Popstar erzählt Geschichte der Straflager
Der Film wurde am Dienstag hochgeladen, innerhalb von zwei Tagen haben ihn viereinhalb Millionen Leute gesehen. Inzwischen liegt die Zuschauerzahl schon bei fast sechs Millionen. Man kann praktisch live zusehen, wie die Zuschauerzahl rasend schnell wächst und wie sich der Film durchs russische Internet und andere soziale Netzwerke verbreitet, sagte Russlandexperte Uli Hufen im Dlf.
"Kolyma - Die Heimat unserer Angst" wurde von einem der berühmtesten russischen Youtuber produziert: Jurij Dud. Ein Popstar. Ein eloquenter junger Moderator mit modischer Frisur und modischer Kleidung, der bekannt ist für seine langen Interviews, die er mit Künstlern, Politikern und Sängern führt. Dud ist vor allem sehr beliebt bei jungen Leuten und erreicht mit seinen Youtubefilmen - unabhängig von allen Fernsehsendern - ein Millionenpublikum auch mit dem überaus schwierigen Thema "Gulag."
Versuch einer Grundangst auf die Spur zu kommen
Was er über Russland sagt und den Umgang mit der Geschichte in Russland, ist ebenso interessant, erzählte Hufen, denn Dud machte den Film, wie er selbst erklärte, weil eine Umfrage gesagt hat: Die Hälfte aller jungen Leute in Russland weiß nicht, was der Gulag war. Und weil er einer Grundangst auf die Spur kommen will, die er aus der eigenen Familie kennt, von den eigenen Eltern, die heute noch Angst vor Straflagern haben, obwohl diese längst abgeschafft sind.
Interessanterweise, so Hufen, passiert in Russland in punkto Vergangenheitsbewältigung doch mehr als gemeinhin angenommen wird, auch wenn der Staat eine konservative Geschichtspolitik betreibt.
Lob von Historikern
Der Film zeigt und erzählt modernes Geschichtsfernsehen für junge Menschen von heute und würde sicher auch als Vorbild für Deutschland taugen. Gut recherchiert, gut produziert. Die Geschichte des Gulags, die Geschichte der Erinnerung an den Gulag wird als Reisereportage nach Ostsibirien mitten im Winter bei minus 45 Grad gezeigt. Das Ganze gemischt mit Interviews in Moskau, mit Verwandten von Opfern und auch Historikern.

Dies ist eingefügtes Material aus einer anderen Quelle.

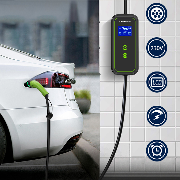✅ Qoltec Mobile EV Электрическое зарядное устройство с 2IN1 Type2 Regulation2 | 3,5 кВт | 230 В | Wi-Fi | ЖК -дисплей Портативный Стенка 5m

Jurij Dud hat auch viel Lob von Historikern und Publizisten und Oppositionellen im Lande, auch von Memorial, der wichtigsten Gedenkorganisation im Lande. Der Film erzähle nichts Neues, so Hufen, aber er sei gezielt gemacht für ein junges Publikum, das Dank des Films viel über die eigene Geschichte erfährt.